The report stated that all but three metro areas in the U.S. will see job gains this year. This will be led by Myrtle Beach, South Carolina, which is expected to see a growth of three percent. It is likely that employment will decrease the most in Carson City, Nevada, which will fall by 1.1 percent. Employment is also expected to drop in Odessa, Texas by 0.1 percent and Midland, Texas by 0.2 percent.

The report said that trader, utilities, health services, transportation and business services will witness the best growth in jobs.

“By the end of this year, the report forecasts that almost every one of our 363 metro economies will see job gains, and the nation will have gained back 48 percent of its lost jobs,” said Los Angeles Mayor Antonio Villaraigosa, who also serves as the  president of the Conference of Mayors. “But despite this progress, one thing remains clear: the recovery is slow and it’s uneven.”

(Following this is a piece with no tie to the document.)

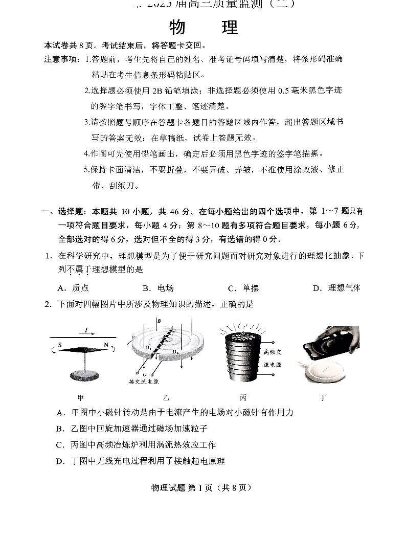 长春市2025届高三质量监测(二)物理.pdf

Employment fell in 125 metro areas in 2011.

Thousands of employees in the construction industry were put out of work because of the housing bust in the country. In 2011, state and local governments cut budget numbers, which led to layoffs, most of them in the education sector. The unemployment rate for the nation has been sitting above 8 percent for 35 straight months after peaking at 10 percent in October of 2009.

The rate has been dropping recently, hitting 8.5 percent in December, and metro areas are hoping that they will return to employment highs that were reached in the final months of 2007, right before the recession hit the country.

The U.S. Labor Department announced earlier in January that unemployment rates were lower in the month of November than they were one year earlier in 351 of the 372 metropolitan areas questioned for the report. It also said that 259 metro areas said that non-farm payroll employment had also increased.

“At this time only 26 metro areas have completely recovered jobs lost in the recession. By the end of 2012, another 26 will have, and an additional 99 will have recouped over one-half of their losses,” said the IHS Global Insight survey.

“But for almost 80 metros, full recovery is over five years away. The recovery is very uneven across U.S. regions, with the southeastern and southwestern metros, who were most affected by the housing bubble, looking ahead to years of recovery.”

The forecast from the IHS said that increasing disparities in wealth could threaten cities.

“Income decline and increasing inequality is an important issue for metro areas, as the trend in median income decline has not been experienced evenly,” it said. “From 2009 to 2010, metro area households experienced a 2.2 percent decline in median household income while households in rural areas did not experience a statistically significant decline.”